Dat gebeurt inderdaad te vaak, vindt Léon de Wolff, maar je kunt wel, aan de hand van straatgesprekken, illustreren wat bijvoorbeeld een onderzoek van het Sociaal en Cultureel Planbureau aantoont. Dan is ’t een ontzettend goeie vorm van journalistiek. Je maakt zichtbaar wat er in de samenleving leeft.’
Overdreven aandacht voor polls vindt Rens de Jong ‘raar en stom’. Hij steekt overigens ook de hand in eigen boezem. Soms kunnen polls wel relevant zijn, zegt Kees Schaepman – met name wat betreft het conflict Balkenende – Wilders – omdat ze hier het wantrouwen van de burgers jegens de politiek aantonen. Polls zijn als dagkoersen, vindt Wouter Kurpershoek, niet meer en niet minder.
Margriet van der Linden eindigt met de vraag die hij zelf opwierp: tot hoever gaat de buiging richting publiek, waar houdt ’t op?
Het houdt al op, vindt Robbie Muntz, mensen zappen naar de commerciëlen. ‘De echte’, voegt hij daaraan toe ten behoeve van Rens de Jong. Deze heeft juist het ‘gevoel dat we helemaal niet buigen, dat we omhoog getrokken worden door onze luisteraars. Anders ga je ervan uit dat mensen alleen maar pulp willen.’
Laurens Borst ziet ‘die buiging wel, maar voor mij is het einde van die buiging ook heel leuke radio.’
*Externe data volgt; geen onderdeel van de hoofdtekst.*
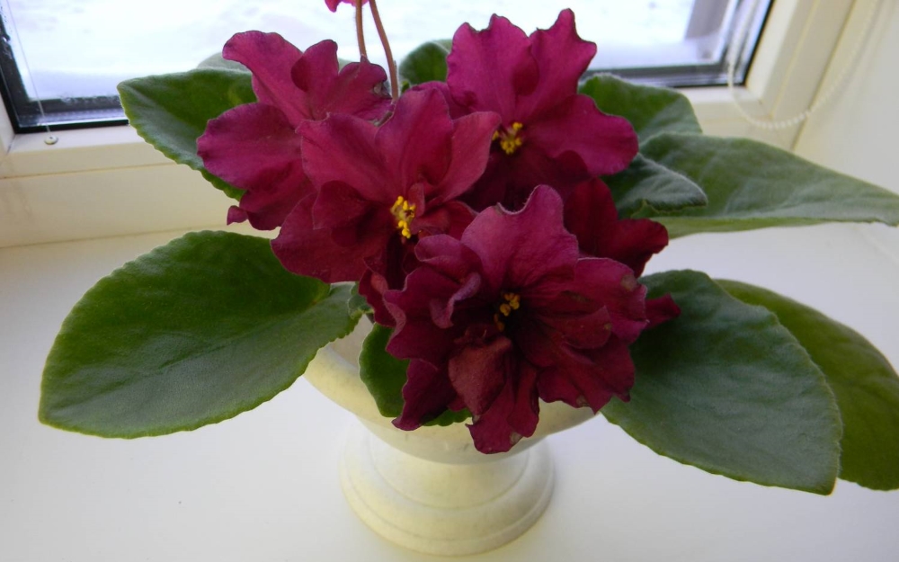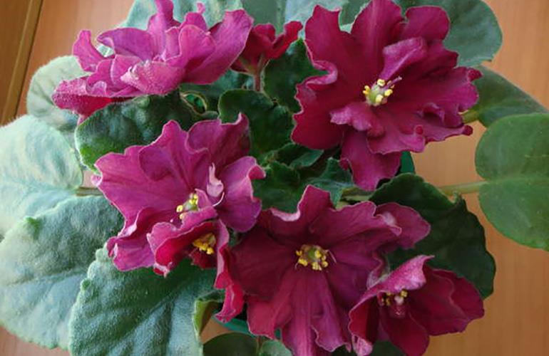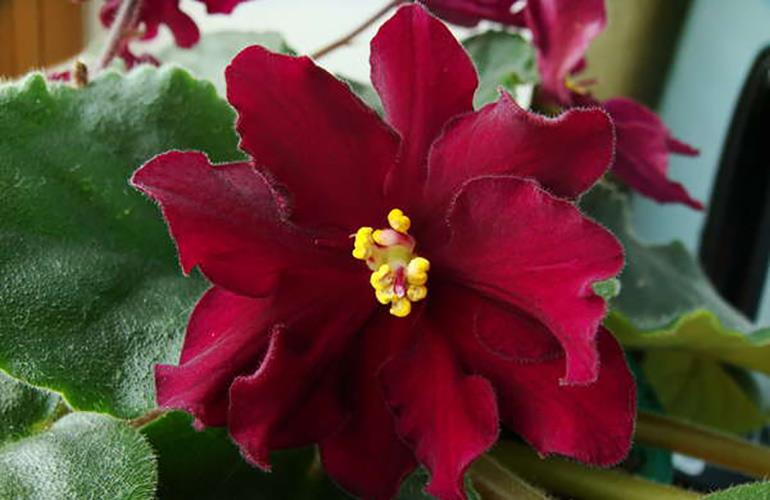 Saintpaulia е красиво луксозно растение с цветя с ярко богат червен оттенък. Различава се с дълъг цъфтеж и високи естетически характеристики.

Wouter Kurpershoek: ‘De New York Times, een geweldige krant, heeft minder lezers dan De Telegraaf, omdat ze blijkbaar die buiging niet diep genoeg maken. Ik zoek naar impact, ik werk voor een massamedium, maar ik erger me aan geenstijl, en daag iedereen uit om in vijf zinnen het grote-stedenbeleid van Vogelaar uit te leggen. We lezen niet meer de NRC vanaf pagina 2, nee, we willen Prem horen schreeuwen.Ik wil eindigen met een anecdote van Felix Rottenberg, toen nog voorzitter van de PvdA. Hij moest het land in om het Verdrag van Nice aan de mensen uit te leggen. Hij komt in een zaaltje in Ede. Aan de microfoon is een man met een heel verhaal: jullie dit en dat… Felix zegt: wat is het laatste artikel dat u hebt gelezen over Europa? Er kwam niets. De man werd afgedroogd, de mensen zijn allemaal gaan zitten. Hoever buigen politici, hoever buigen wij ook, voor mensen die niets willen weten? Daar stopt het voor mij mee.’
Praat mee
1 reactie
ControlAltDelete, 23 mei 2008, 14:02
Hoe in hemelsnaam wil je kwaliteitsjournalistiek behalen als je items van drie minuten maakt? Ik zag het bij de regionalen gebeuren, items mochten hooguit anderhalf minuut voor televisie worden. Ga daar maar eens een inhoudelijk verhaal in proppen. Natuurlijk moet dat volgens eindredacteur ook tot een kunst verheven worden, maar feit blijft dat je daardoor nog een probleem krijgt: kortere items betekent automatisch ook meer. Dat betekent dat redacteuren nog sneller moeten werken, waardoor er minder tijd wordt geinvesteerd in diepgravende journalistiek.
Hoe diep is die buiging, vraagt Kurpershoek zich af. Een terechte vraag. In Amerika worden jaarlijks onderzoeken gehouden naar de staat van de media. Daaruit blijkt dat kwaliteitsmedia niet verloren zullen gaan, omdat door de verwoekering van subjectieve, populistische media op bijvoorbeeld het internet mensen gaan zoeken naar kwaliteitsprogramma’s of kranten. Buig daarom niet, maar recht je rug! Want alleen als je karakter toont door je eigen koers te varen, overleef je de storm.